可视化问答(VQA)领域整合外部知识来源以提高性能的趋势日益明显。然而，由于外部知识来源的潜在不完全性和不同形式数据之间的内在不匹配，当前基于知识的视觉问答(KBVQA)技术仍然面临着如何有效集成和利用多个异构数据的挑战。为了解决这个问题，提出了一种以多模态语义图(MSG)为中心的新方法。MSG是一种有效统一异构数据和不同类型知识表示的机制。此外，引入了多模态语义图知识推理模型(MSG-KRM)，对图像-文本信息和外部知识源进行推理和深度融合。语义图的开发涉及从图像对象检测信息、问题文本和外部知识文本中提取关键字，然后将其表示为符号节点。然后在知识图的基础上构建三种类型的语义图，包括视觉、问题和外部知识文本，并添加非符号节点连接这三种独立的图，并标记各自的节点和边缘类型。在推理阶段，通过三种嵌入方法将多模态语义图和图像文本信息嵌入到特征语义图中，并采用类型感知图注意模块进行深度推理。最终的答案预测混合了预训练模型的输出、图池结果和非符号节点的特征。在OK-VQA数据集上的实验结果表明，MSG-KRM模型在总体准确率得分上优于现有方法，达到43.58分，并且对大多数子类问题的准确率有所提高，证明了所提方法的有效性。

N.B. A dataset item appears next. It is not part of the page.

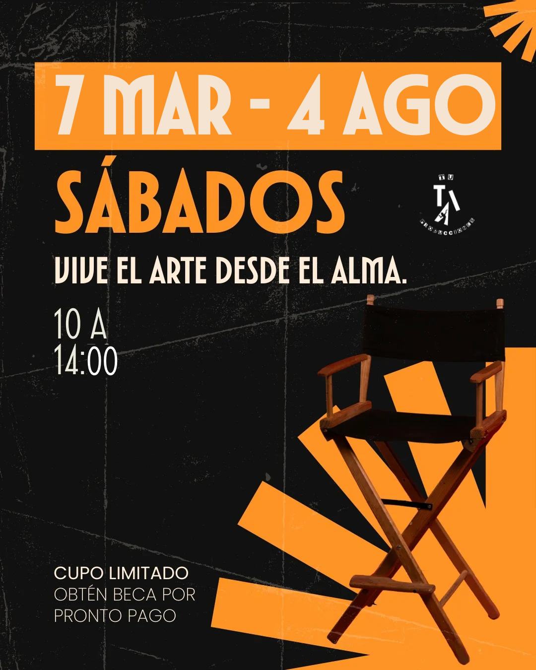 • Cubrir el pago por concepto de inscripción y primer mensualidad al Taller de actuación hasta antes del 28 de febrero del 2025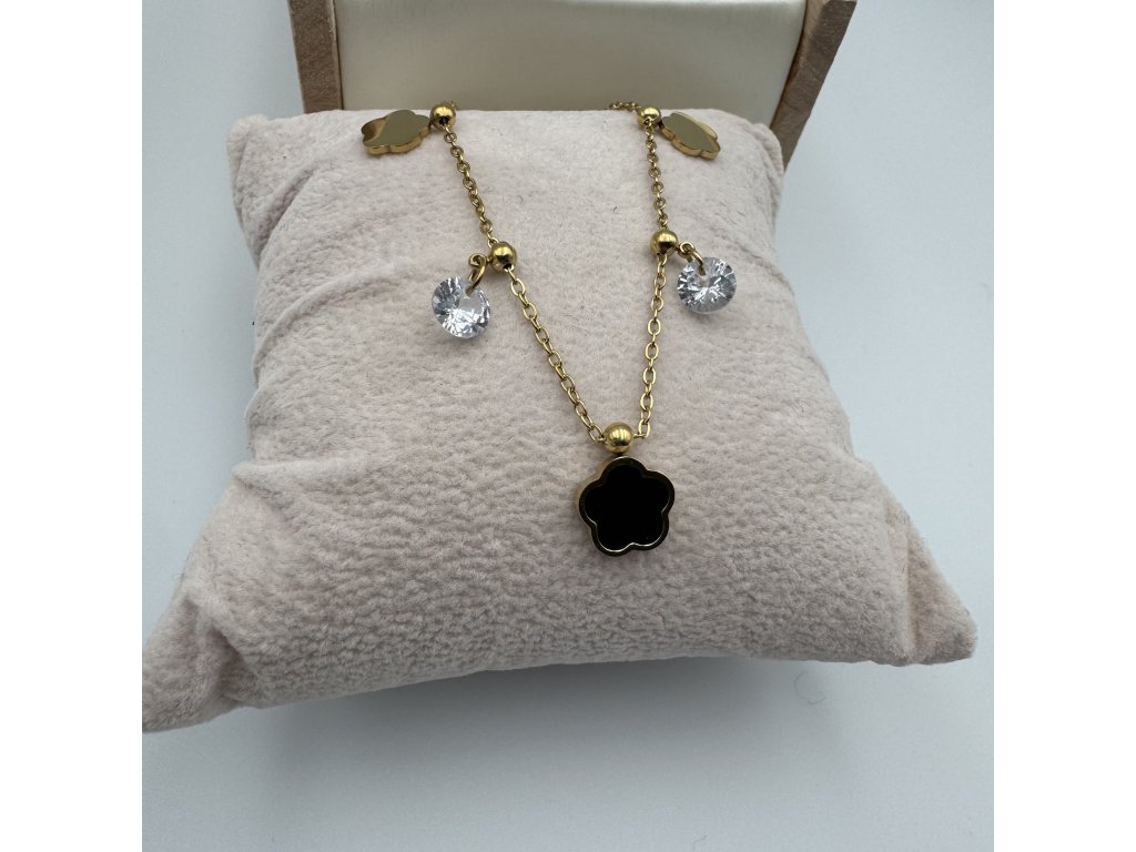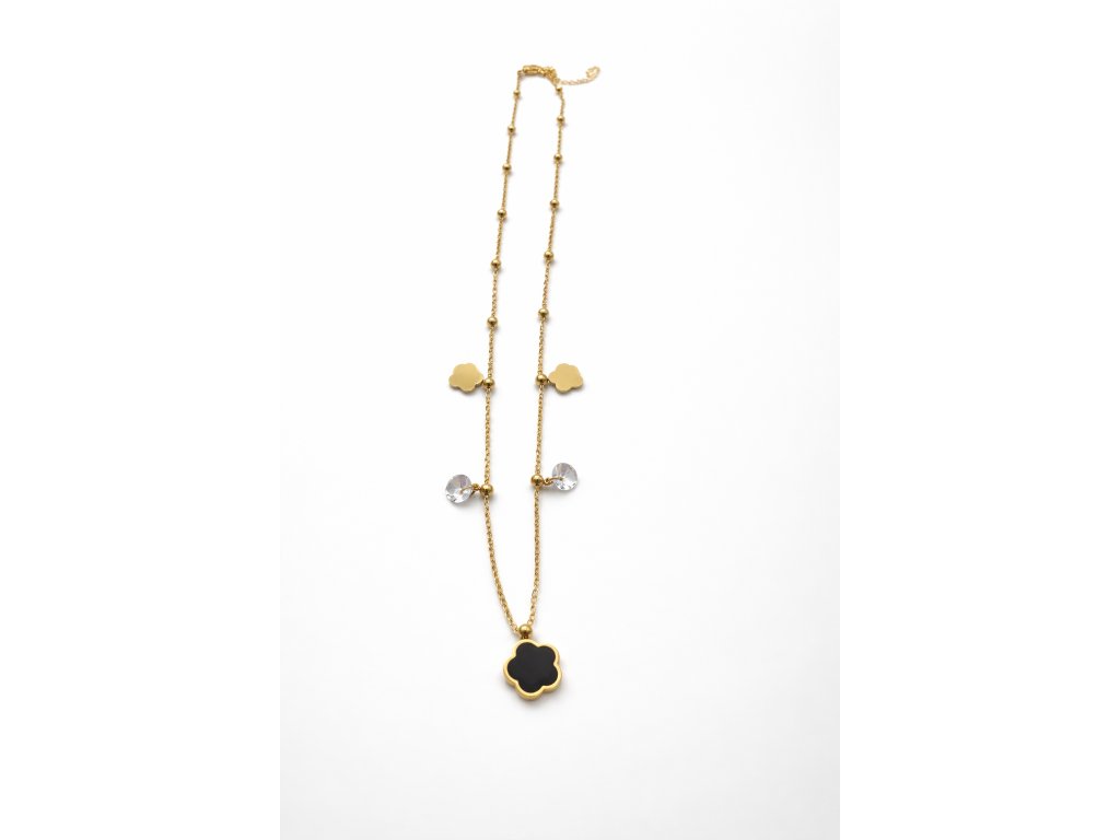 Tento elegantní náhrdelník s motivem květu zaujme čistým designem a harmonickou kombinací jemných detailů. Černý středový prvek vytváří krásný kontrast se zlatým tónem řetízku, zatímco drobné krystaly dodávají šperku decentní třpyt.

本文章由计算机程序翻译，如有差异，请以英文原文为准。

求助全文

约1分钟内获得全文求助全文

来源期刊

Electronics Computer Science-Computer Networks and Communications

CiteScore

1.10

自引率

10.30%

发文量

3515

审稿时长

16.71 days

期刊介绍： Electronics (ISSN 2079-9292; CODEN: ELECGJ) is an international, open access journal on the science of electronics and its applications published quarterly online by MDPI.